Князь кивнул и покатился ко входу в блиндаж.
Через пару дней князь простился и уехал домой, в Тифлис. Кто мог знать, что его авантюрная натура не позволит подполковнику долго сидеть без дела. Уже в феврале 18-го он приедет в Ростов и вступит в формировавшийся Сводно-офицерский полк. Три года без передышки князь сражался с большевиками - сначала в составе Марковского полка, а потом, когда возродились гренадеры - среди родных желтых погон. И все это время он держал при себе плотный коричневый конверт, перевязанный шпагатом и запечатанный красным сургучом - пошел против приказа командира, не стал оставлять "в надежном месте" - потому что еще по пути домой понял - нет теперь "надежных мест".

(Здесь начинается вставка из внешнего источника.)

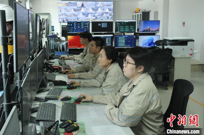 图为5日,银河 第十四师昆玉市100万千瓦光伏基地中控室内,工作人员通过智能化、数字化系统进行运维操作。马晓东 摄

Смута оказалась щедрой на звезды - и в марте 20-го уже генерал-майор князь Амилахвари был отправлен в отпуск в Крым для поправки здоровья. Да, Ялта практически не изменилась - чуть больше суеты и нервозности - но все те же кафе на набережной, те же барышни с томными взглядами... Эххх. Князь подкрутил ус и подмигнул милой девушке в платье сестры милосердия, сопровождавшей начинающую стареть бледную даму с чуть восточными чертами лица. Девушка улыбнулась в ответ - и Амилахвари воспринял это, как приглашение к знакомству.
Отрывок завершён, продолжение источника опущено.